特別な「ペットブランド」というより、ライフスタイルの延長線として商品が設計されているんです。


⑥ ニッチ商品:世界観をどこまで広げられるか

最後はちょっと面白いジャンルです。アメリカのPODサービスを見ると、こんな商品まで?と思うようなアイテムもあります。

  • ヨガマット

  • ビーチタオル

  • ステッカー

  • フラッグ(旗)

ここまでくると、もう「ブランドの世界観をどこまで広げられるか」という領域。たとえニッチでも、「このブランドのこのグッズが欲しい」というファンがいれば、十分ビジネスが成立するんですね。


テスト注文も可能!まずは一つから始めてみよう

「でも、いきなり売るのは不安…」
「実物を見てみないと不安…」

そんな方のために、多くのPODサービスでは「テストオーダー」や「撮影用注文」に割引が適用される仕組みがあります。
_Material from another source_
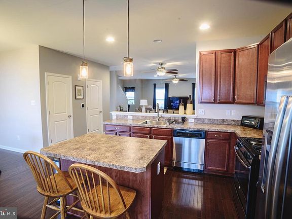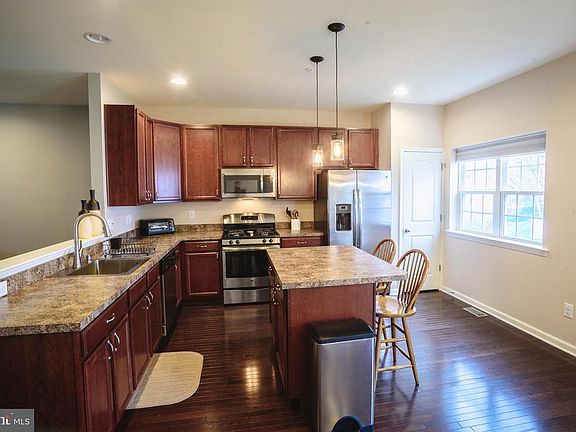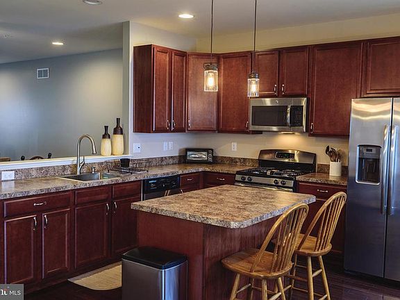 Fantastic End-Unit Townhome with 3 bedrooms, 2 full and 2 partial baths. Walk-out finished basement plus a 2-car garage. You will absolutely love the huge open kitchen with center island, stainless steel appliances, gas cooking, open to the breakfast room, which overlooks the rear yard, and great room. The entire main floor has dark wood flooring. Master suite has a cathedral ceiling, full bath with double vanity, walk-in closet plus an additional double closet. The walk-out basement is finished and has the second powder room. The association is very affordable at $100 /mo. and covers common area maintenance, lawn care, snow removal and trash removal. Tucked in the woods, this peaceful community is conveniently located to all major highways and shopping.

つまり、自分用に1点だけ注文してみることができるんですね。

  • サイズ感の確認

  • 写真撮影用の素材

  • 質感チェック

などができますし、在庫を抱えるリスクもありません。これは初心者にとってはかなり心強いポイントです。


まとめ:まずは気軽に「1つ作ってみる」

いきなり本気でネットショップを始めなくても大丈夫です。まずは気になるアイテムを1つ2つ作ってみて、実物に触れてみる。そこから少しずつイメージを固めていく。

PODは、そういった「小さく始められる仕組み」でもあります。

今回の記事が、そんな「最初の一歩」を踏み出すきっかけになっていたら嬉しいです。